The data:

* * * * * * *

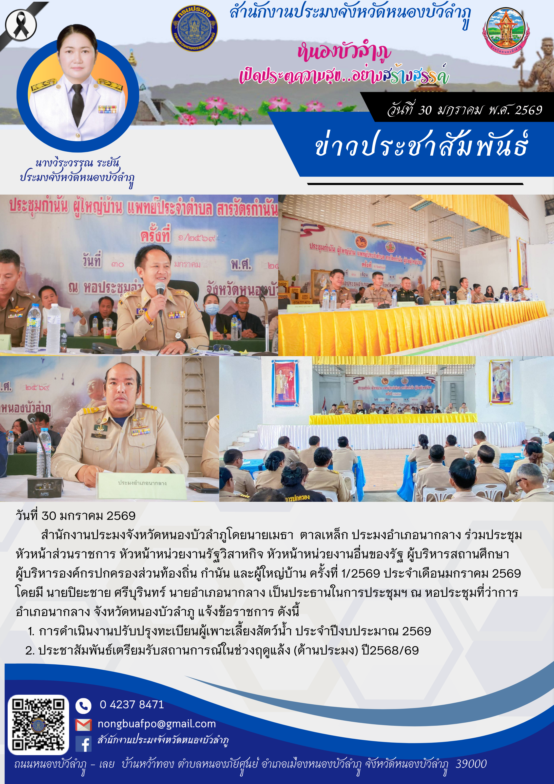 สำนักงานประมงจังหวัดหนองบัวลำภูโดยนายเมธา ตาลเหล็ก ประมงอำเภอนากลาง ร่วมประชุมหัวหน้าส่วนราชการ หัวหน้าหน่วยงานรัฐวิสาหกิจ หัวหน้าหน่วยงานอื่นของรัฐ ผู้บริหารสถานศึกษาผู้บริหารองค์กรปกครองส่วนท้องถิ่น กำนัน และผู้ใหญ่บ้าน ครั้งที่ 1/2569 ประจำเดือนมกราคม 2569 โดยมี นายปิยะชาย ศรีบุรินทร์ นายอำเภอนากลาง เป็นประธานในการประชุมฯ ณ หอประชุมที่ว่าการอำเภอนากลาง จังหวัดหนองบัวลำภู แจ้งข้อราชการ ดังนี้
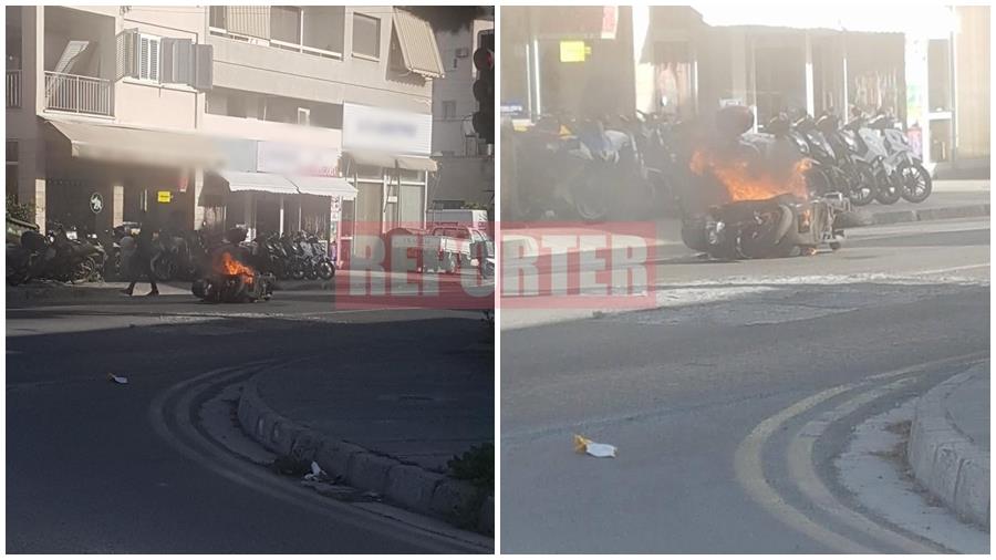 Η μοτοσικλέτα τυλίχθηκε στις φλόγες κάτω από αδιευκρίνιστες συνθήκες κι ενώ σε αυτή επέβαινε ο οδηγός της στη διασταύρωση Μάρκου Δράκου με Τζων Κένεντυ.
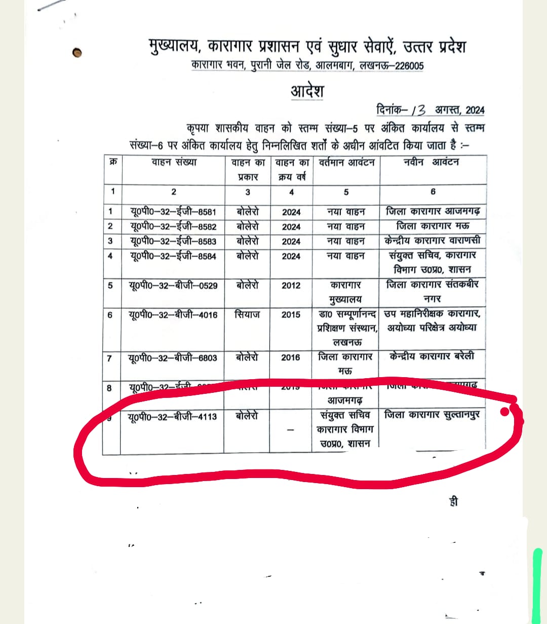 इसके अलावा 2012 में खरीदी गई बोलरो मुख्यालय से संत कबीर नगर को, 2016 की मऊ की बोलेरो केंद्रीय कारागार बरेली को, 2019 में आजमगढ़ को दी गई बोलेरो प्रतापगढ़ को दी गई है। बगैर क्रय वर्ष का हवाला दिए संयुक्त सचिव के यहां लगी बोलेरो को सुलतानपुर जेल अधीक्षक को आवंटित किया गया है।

* * * * * * *

Goal of the exercise: Return the listing above in full and exactly, omitting all pictures.

Answer box:
 สำนักงานประมงจังหวัดหนองบัวลำภูโดยนายเมธา ตาลเหล็ก ประมงอำเภอนากลาง ร่วมประชุมหัวหน้าส่วนราชการ หัวหน้าหน่วยงานรัฐวิสาหกิจ หัวหน้าหน่วยงานอื่นของรัฐ ผู้บริหารสถานศึกษาผู้บริหารองค์กรปกครองส่วนท้องถิ่น กำนัน และผู้ใหญ่บ้าน ครั้งที่ 1/2569 ประจำเดือนมกราคม 2569 โดยมี นายปิยะชาย ศรีบุรินทร์ นายอำเภอนากลาง เป็นประธานในการประชุมฯ ณ หอประชุมที่ว่าการอำเภอนากลาง จังหวัดหนองบัวลำภู แจ้งข้อราชการ ดังนี้
 Η μοτοσικλέτα τυλίχθηκε στις φλόγες κάτω από αδιευκρίνιστες συνθήκες κι ενώ σε αυτή επέβαινε ο οδηγός της στη διασταύρωση Μάρκου Δράκου με Τζων Κένεντυ.
 इसके अलावा 2012 में खरीदी गई बोलरो मुख्यालय से संत कबीर नगर को, 2016 की मऊ की बोलेरो केंद्रीय कारागार बरेली को, 2019 में आजमगढ़ को दी गई बोलेरो प्रतापगढ़ को दी गई है। बगैर क्रय वर्ष का हवाला दिए संयुक्त सचिव के यहां लगी बोलेरो को सुलतानपुर जेल अधीक्षक को आवंटित किया गया है।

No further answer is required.